И опять я ощутил себя тем солдатом, что швыряет этот штандарт. Это был я, не успевший, к моему горю, воевать в ту войну, плавать на подлодках, в танке форсировать реки и болота, сбивать “мессеров” и
“юнкерсов”, пикировать на летающей лодке, стать Героем Советского
Союза. Счастье, что я попал хотя бы на этот замечательный парад, все увидел своими глазами.

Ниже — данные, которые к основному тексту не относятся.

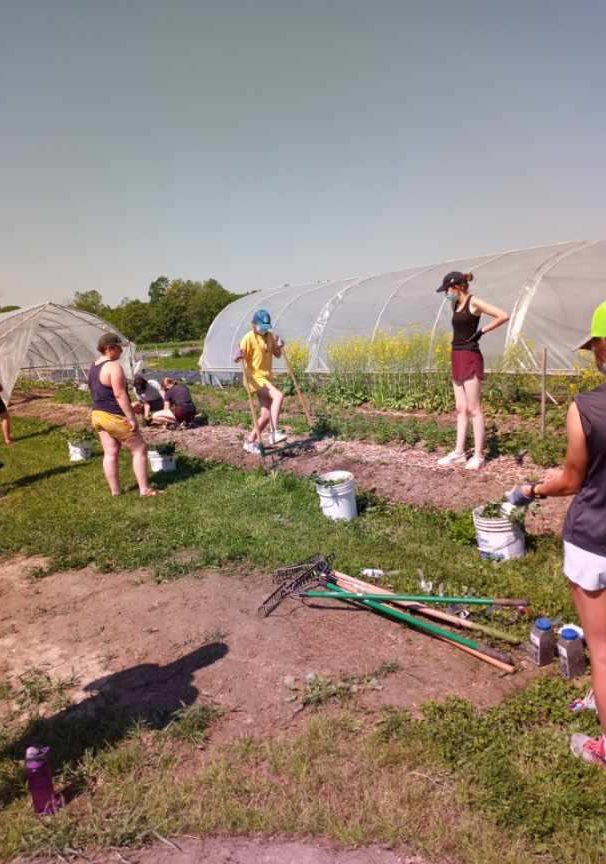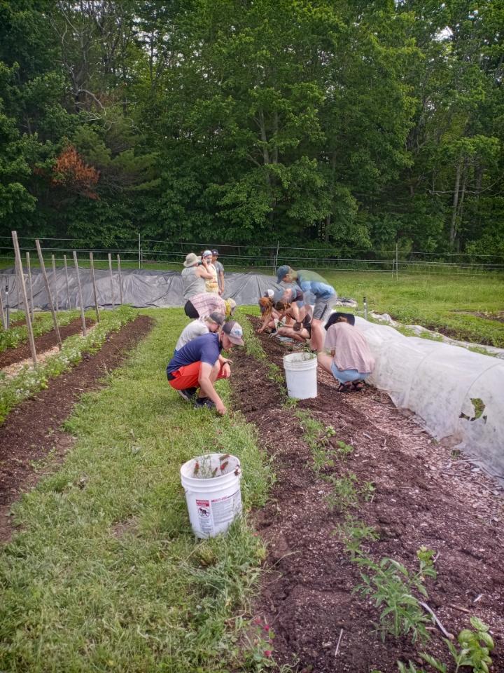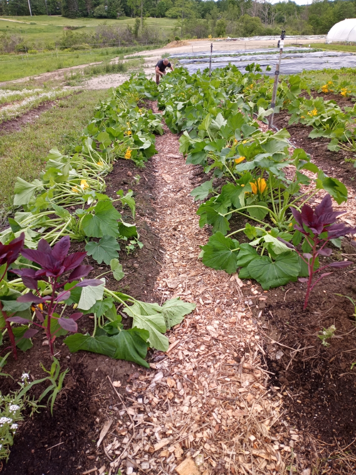 The heat was brutal this week. We had 3 days of excessive heat and 3 days of students volunteering from the Maine Coast High School. Lots of water and breaks under our shade awning kept everyone going throughout the day. Even in those 90 degree temps lots was accomplished. Beds weeded and pumpkins and carrots planted. Our flower garden, for picking your own bouquet, was mulched. Smother tarps were moved and sandbags put in place. Our WWOOFERS and newly arrived Bowdoin College interns ran the show and were great in instructing and motivating the students. A big thank you to all, for such a boost in tackling our to- do-list, in such hot humid weather.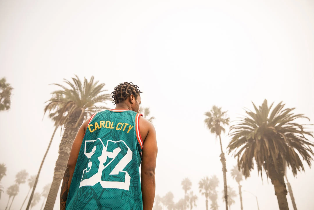 Denzel Curry reimagines the Miami Heat logo in this limited edition collaboration with the NBA, Bleacher Report and Mitchell & Ness.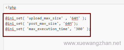 @ini_set( 'max_execution_time', '300' ); - 这样wordpress文件上传的大小限制就被改为64M,你也可以按照自己的需要修改里的数值。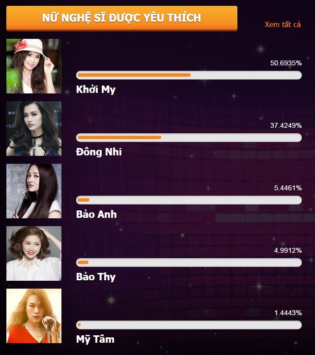 Tại top 5 Nữ nghệ sĩ được yêu thích có thể điểm danh các gương mặt như Khởi My, Đông Nhi, Bảo Anh, Bảo Thy và Mỹ Tâm. Điều bất ngờ là Mỹ Tâm lại có số phiếu bình chọn khá thấp so với hai đàn em Khởi My và Đông Nhi.

Этот день похож был на день Победы, 9 мая, который я хорошо помнил.
После парада, когда вернулись на Чистопрудный, был еще обед. Стол уже стоял накрыт, в тарелках, рюмках и закусках, какая-то подруга или соседка тети Шуры, с косою, уложенной холмиком на затылке, хозяйничала. Громко играл открытый патефон и так же громко радио, только по радио пели военные песни и марши, а с пластинки несся голос Лещенко: “Эх, Андрюша, нам ли быть в печали, пой, играй, гармонь, на все лады…”.
Выходила какая-то несуразица, тетя Шура стала смеяться со своей подругой, Светланой Ивановной. С нами приехал, конечно, и полковник.
Благодарно глядя на него, тетя Шура устроила его тюльпаны в красивую вазу.
Я окончательно забылся, не вспоминая про отца и маму, про лагерь и
Таню Боборыкину.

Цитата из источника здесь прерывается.